◆ EXERCISE REQUIREMENTS ◆
Please return the data word for word and leave out any picture it contains.

◆ DATA SEGMENT ◆
____
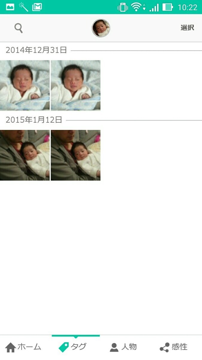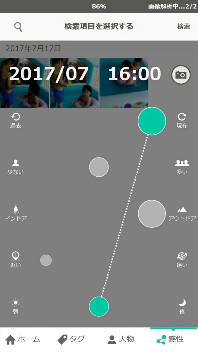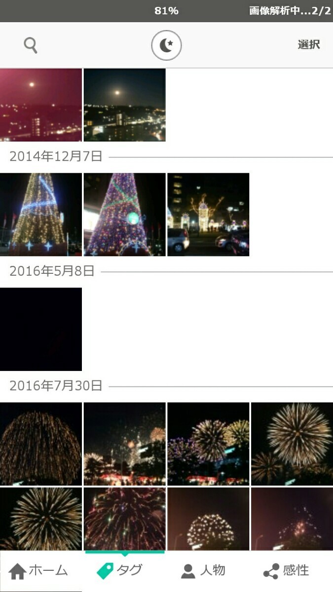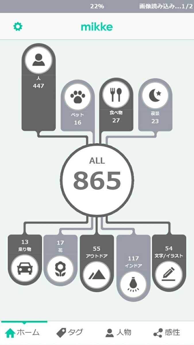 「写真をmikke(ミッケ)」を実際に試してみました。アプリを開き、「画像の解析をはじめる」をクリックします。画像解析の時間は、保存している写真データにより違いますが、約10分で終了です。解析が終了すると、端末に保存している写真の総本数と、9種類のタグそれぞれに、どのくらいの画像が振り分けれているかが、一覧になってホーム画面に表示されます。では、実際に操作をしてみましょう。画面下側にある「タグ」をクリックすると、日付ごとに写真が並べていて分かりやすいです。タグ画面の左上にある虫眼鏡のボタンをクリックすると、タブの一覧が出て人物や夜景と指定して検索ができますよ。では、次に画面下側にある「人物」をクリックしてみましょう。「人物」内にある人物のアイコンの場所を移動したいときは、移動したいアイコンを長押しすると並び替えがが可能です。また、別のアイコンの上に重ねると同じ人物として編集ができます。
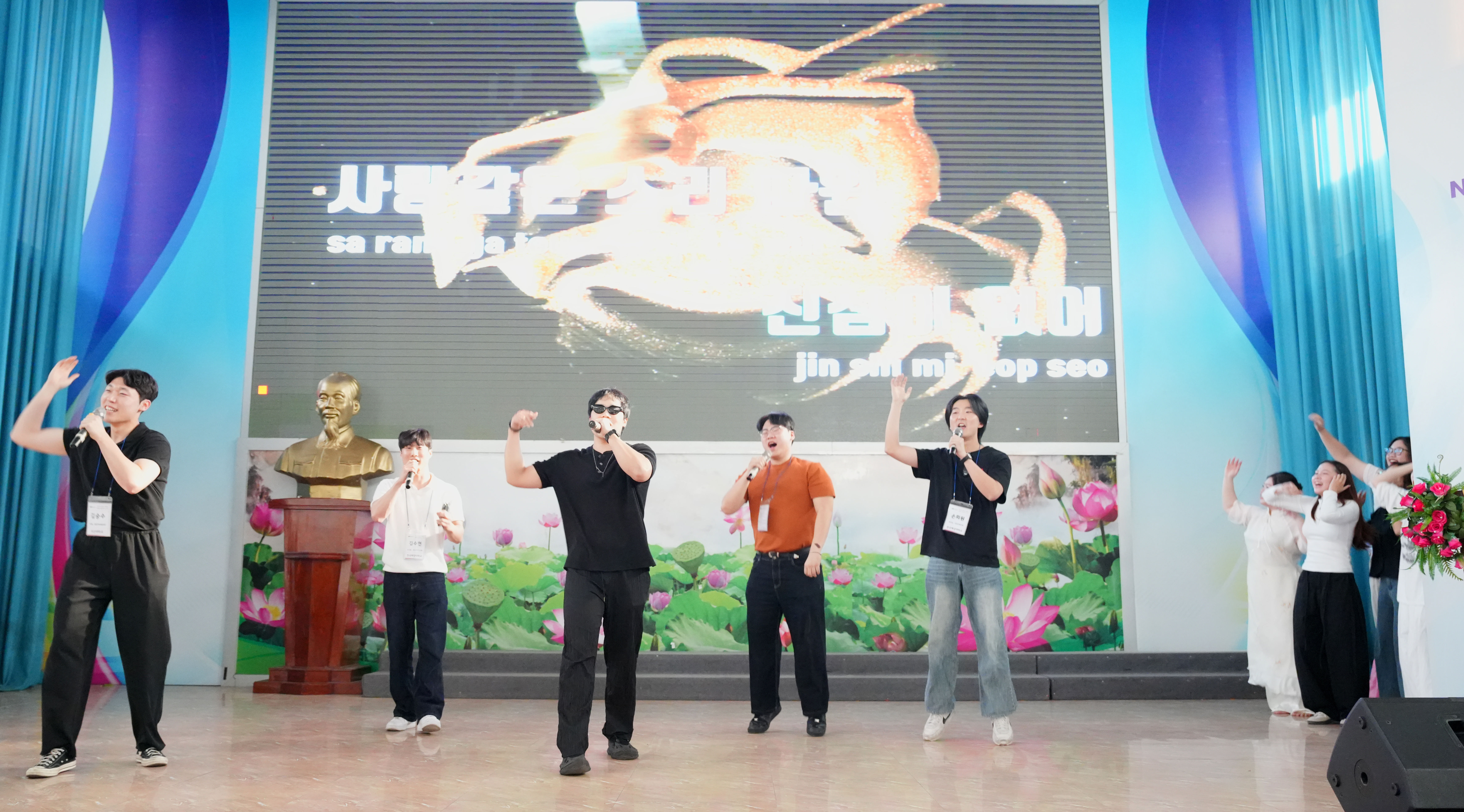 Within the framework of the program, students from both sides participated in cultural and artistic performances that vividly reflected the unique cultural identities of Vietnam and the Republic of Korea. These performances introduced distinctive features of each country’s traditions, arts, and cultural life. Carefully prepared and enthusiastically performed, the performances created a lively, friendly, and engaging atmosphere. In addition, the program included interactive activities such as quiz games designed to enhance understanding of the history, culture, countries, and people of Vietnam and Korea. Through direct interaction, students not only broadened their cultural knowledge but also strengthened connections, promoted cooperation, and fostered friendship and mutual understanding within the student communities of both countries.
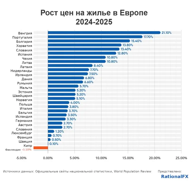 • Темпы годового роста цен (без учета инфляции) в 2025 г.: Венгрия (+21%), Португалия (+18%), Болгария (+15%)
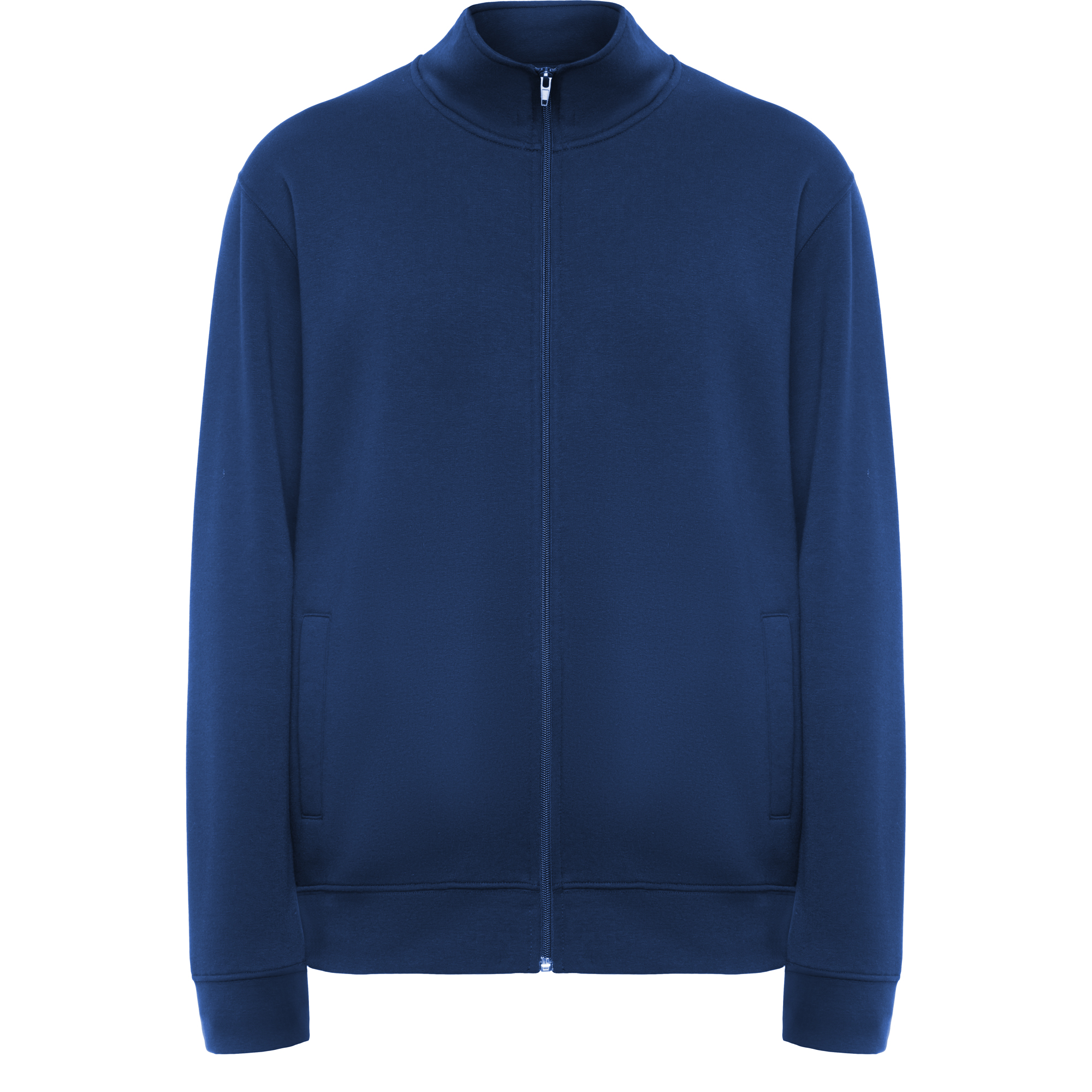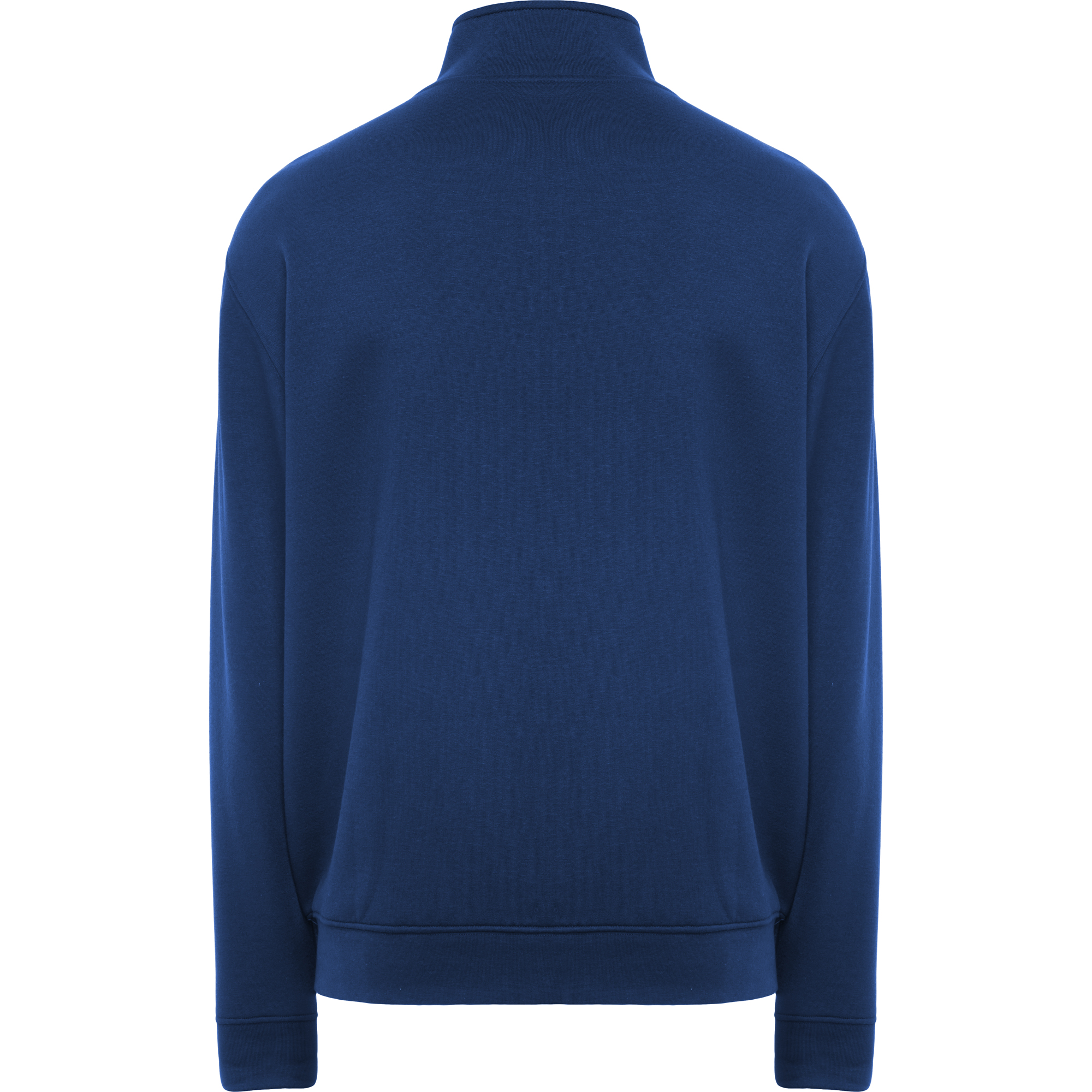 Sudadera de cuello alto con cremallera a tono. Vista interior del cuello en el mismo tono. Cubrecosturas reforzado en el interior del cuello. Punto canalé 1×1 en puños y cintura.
____
◆ WRITTEN ANSWER ◆
 「写真をmikke(ミッケ)」を実際に試してみました。アプリを開き、「画像の解析をはじめる」をクリックします。画像解析の時間は、保存している写真データにより違いますが、約10分で終了です。解析が終了すると、端末に保存している写真の総本数と、9種類のタグそれぞれに、どのくらいの画像が振り分けれているかが、一覧になってホーム画面に表示されます。では、実際に操作をしてみましょう。画面下側にある「タグ」をクリックすると、日付ごとに写真が並べていて分かりやすいです。タグ画面の左上にある虫眼鏡のボタンをクリックすると、タブの一覧が出て人物や夜景と指定して検索ができますよ。では、次に画面下側にある「人物」をクリックしてみましょう。「人物」内にある人物のアイコンの場所を移動したいときは、移動したいアイコンを長押しすると並び替えがが可能です。また、別のアイコンの上に重ねると同じ人物として編集ができます。
 Within the framework of the program, students from both sides participated in cultural and artistic performances that vividly reflected the unique cultural identities of Vietnam and the Republic of Korea. These performances introduced distinctive features of each country’s traditions, arts, and cultural life. Carefully prepared and enthusiastically performed, the performances created a lively, friendly, and engaging atmosphere. In addition, the program included interactive activities such as quiz games designed to enhance understanding of the history, culture, countries, and people of Vietnam and Korea. Through direct interaction, students not only broadened their cultural knowledge but also strengthened connections, promoted cooperation, and fostered friendship and mutual understanding within the student communities of both countries.
 • Темпы годового роста цен (без учета инфляции) в 2025 г.: Венгрия (+21%), Португалия (+18%), Болгария (+15%)
 Sudadera de cuello alto con cremallera a tono. Vista interior del cuello en el mismo tono. Cubrecosturas reforzado en el interior del cuello. Punto canalé 1×1 en puños y cintura.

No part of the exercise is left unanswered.